ACTIVITY: Repeat precisely the line in which "Darakorn Travel#เนื้อโคขุนโพนยางคำ แบบเสียบไม้" occurs and all lines that follow it in the entries below. Pictures must be omitted.

GIVEN DATA:
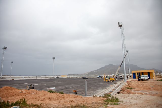 El Alcalde de Mazarrón, Francisco Blaya, acompañado por los concejales de Infraestructuras y Deportes, José Antonio Román y Francisco Antonio Raja, han supervisado las obras de ejecución de los dos campos de fútbol de césped artificial en el nuevo complejo deportivo de la Media Legua.
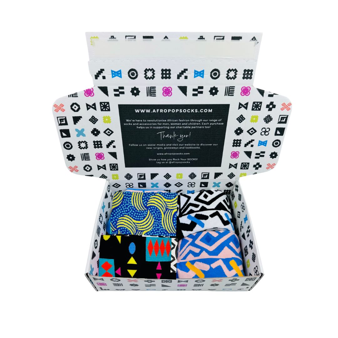 Celebrate the spirit of Central Africa with this specially curated Afropop Socks gift set inspired by the vibrant energy, artistry, and heritage of the Congo region. Featuring four unique, culturally rich designs, this box set is a bold addition to your sock collection — and the perfect gift for anyone who appreciates comfort, creativity, and African design.
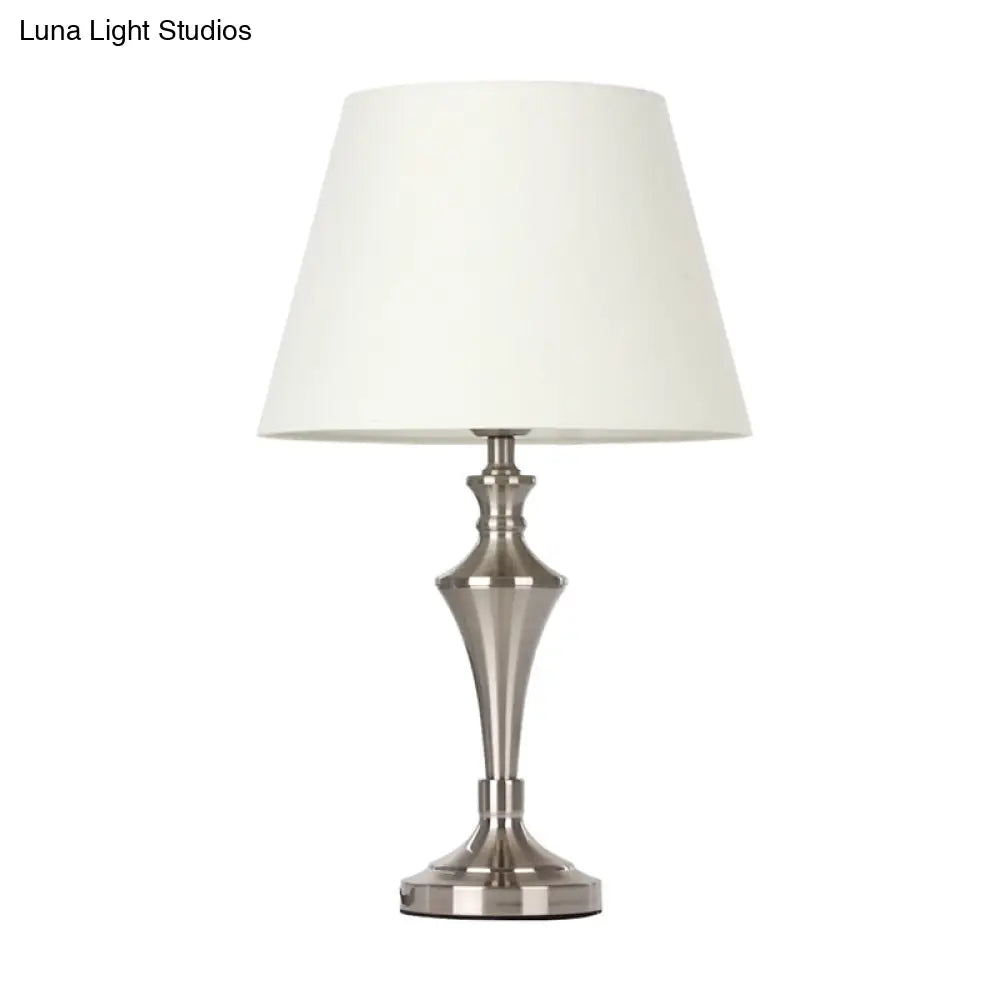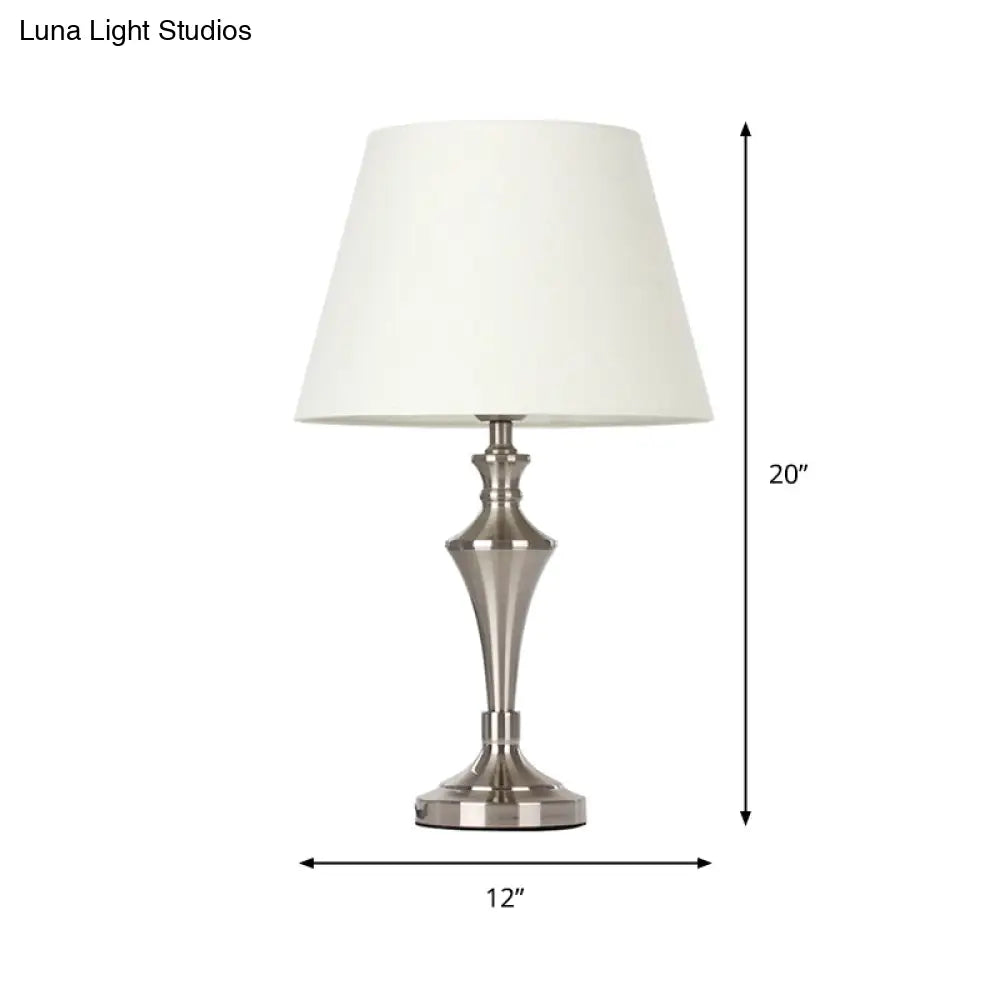 Modern White Fabric Table Lamp With Conical Shade - Perfect For Living Room Nightstands
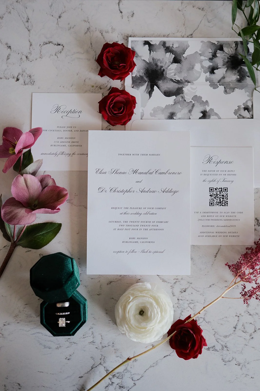 California winter weather is holding strong with one last (??) rain storm this week. This is the perfect opportunity to feature C & E’s stunning moody winter wedding! It was such a blast being able to flex our creative muscles and design their epic “Beauty and the Beast” meets-refined-elegance wedding day.
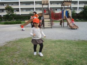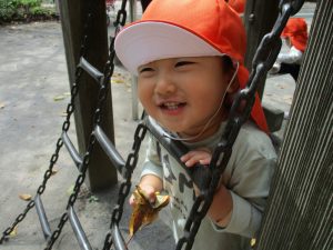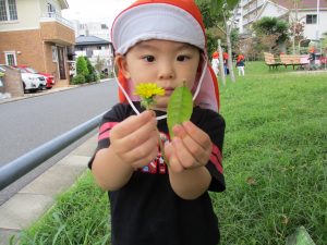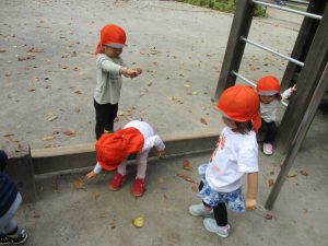 先生達と一緒に固定遊具で体を動かして遊んだり、落ち葉拾いを楽しみました!
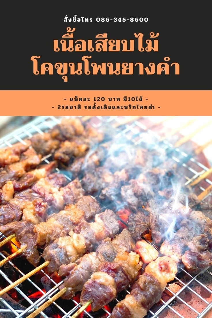 Darakorn Travel#เนื้อโคขุนโพนยางคำ แบบเสียบไม้ หมักปรุงรสแล้วเรียบร้อย
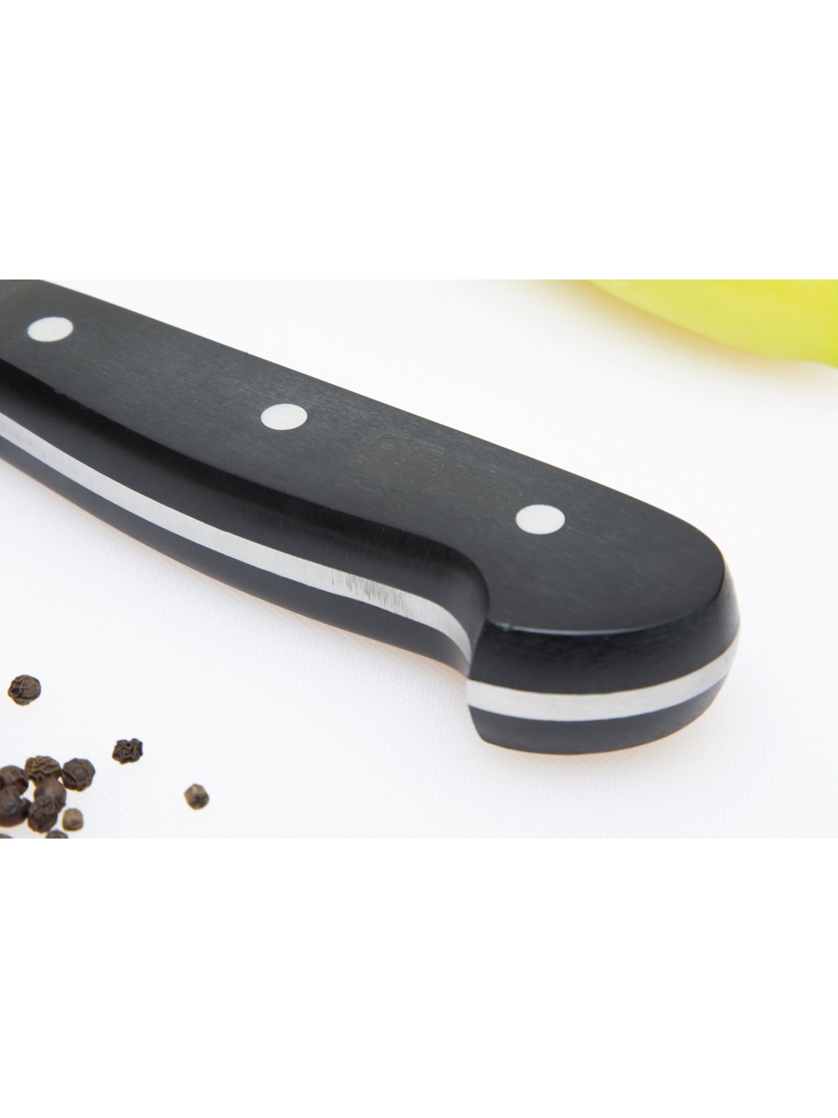 Рукоятка из полиоксиметилена (РОМ) – выполнена из размеренно устойчивого и жесткого пластика, соответствующего европейским пищевым стандартам. Склеенный в два или три слоя внешний прочный материал обеспечивает надежное положение ножа в руке при всех видах кухонных работ.

ANSWER BELOW:
 Darakorn Travel#เนื้อโคขุนโพนยางคำ แบบเสียบไม้ หมักปรุงรสแล้วเรียบร้อย
 Рукоятка из полиоксиметилена (РОМ) – выполнена из размеренно устойчивого и жесткого пластика, соответствующего европейским пищевым стандартам. Склеенный в два или три слоя внешний прочный материал обеспечивает надежное положение ножа в руке при всех видах кухонных работ.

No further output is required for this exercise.